El Periódico Extremadura

El paseo diario de El Periódico Extremadura por los barrios de Cáceres comienza hoy en la calle Arco de la Estrella que se une a la calle Adarve del Padre Rosalío. Uno de sus grandes edificios, en el corazón de la ciudad monumental, está en la esquina con la Plaza de los Caldereros es el Palacio de la Generala, construido a finales del siglo XV y principios del siglo XVI, transformándose durante los siglos posteriores con usos históricos relevantes en la ciudad.
El nombre deriva de su propietaria en el siglo XVIII: María Cayetana Vicenta de Ovando y Calderón, quinta Condesa de Peña Parda de Flores, esposa del General Vicente Francisco de Ovando y Roll, cuarto Marqués de Camarena y luego primer Marqués de Camarena la Real. El palacio cuenta con valiosos balcones, rejería y escudos en la fachada.

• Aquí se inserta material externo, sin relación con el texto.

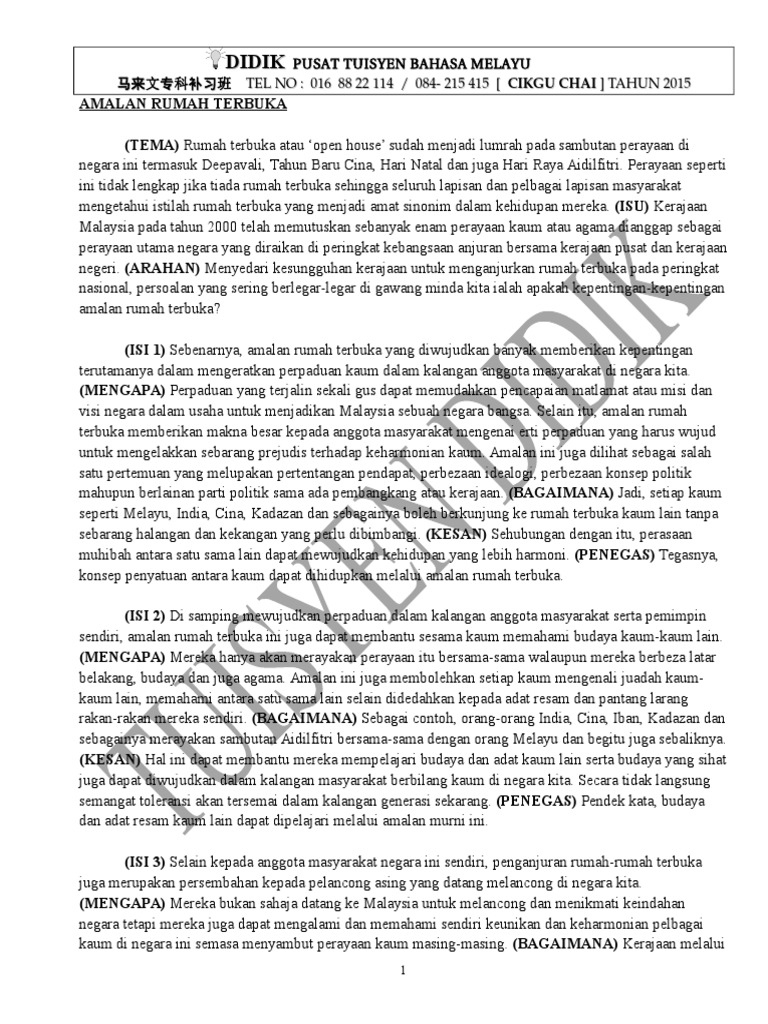 Laman Bahasa Melayu Spm Karangan Kepetingan Rumah Terbuka Di Malaysia
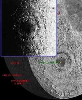 Afrikától keletre körülbelül a Zöld-foki szigetek térségében látszik az leszóródás centruma, itt és az Azori szigeteknél bizonyára könnyű holdkőzethez jutni. A kéreg a sötétre satírozott részeknél szakadt be, és itt hatalmas, hat kilométer mély gödrök vannak az óceán fenekén. A szélességi háló itt kb. 1111 km-es, és ez alátámasztja az elméletemet. Az Azori szigetek Portugáliához tartoztak, és akkor ma az Európai Unióhoz. Akkor van nekünk elegendő holdkőzetünk, még űrhajó sem kell hozzá. A Holdnak a titokzatos túloldalán van az ütközés nyoma? Ilyen koncentrikus kráter nem egykönnyen keletkezik meteor becsapódástól. Ennek komoly esélye nincsen. |
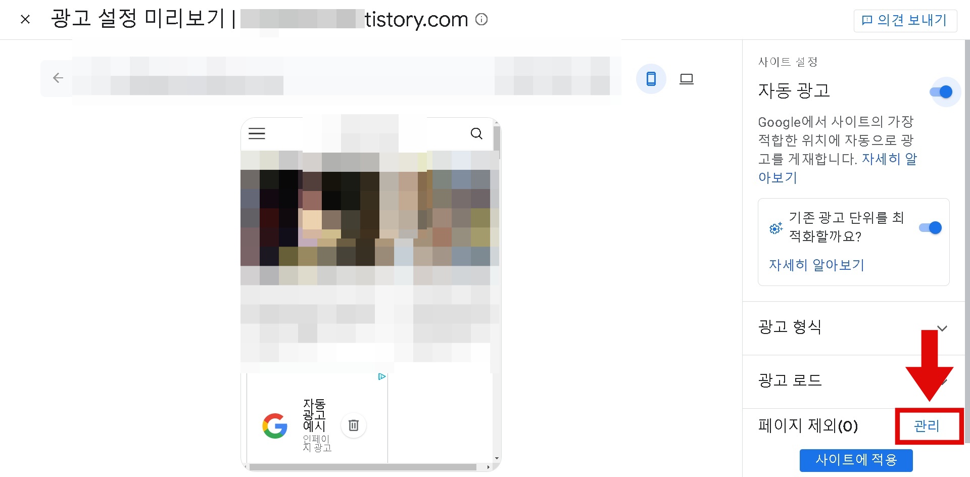 이미 삭제한 페이지나 특정 사이트에서 자동 광고를 제외할 수 있다.
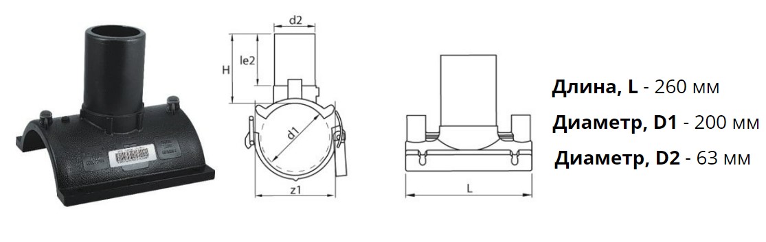 Патрубок-накладка э/с 200х63 мм SDR11 ПЭ100 электросварной

La primera sede de El Periódico Extremadura estuvo precisamente en el Palacio de La Generala (1923-1973). La ubicación en pleno corazón de la ciudad monumental de Cáceres no es casual, pues era entonces el espacio perfecto para los talleres -que hacían también trabajos para particulares y empresas- y una redacción en la que ejercieron su magisterio Tomás Murillo Iglesias (1923-1927), Antonio Reyes Huertas (1927-1937), Rafael Bittini (1937-1939), Dionisio Acedo (1939-1971) y Germán Sellers de Paz (1971-1987). Entre los hitos cabe destacar la visita en 1964 del nuncio de Su Santidad en España, Antonio Riberi.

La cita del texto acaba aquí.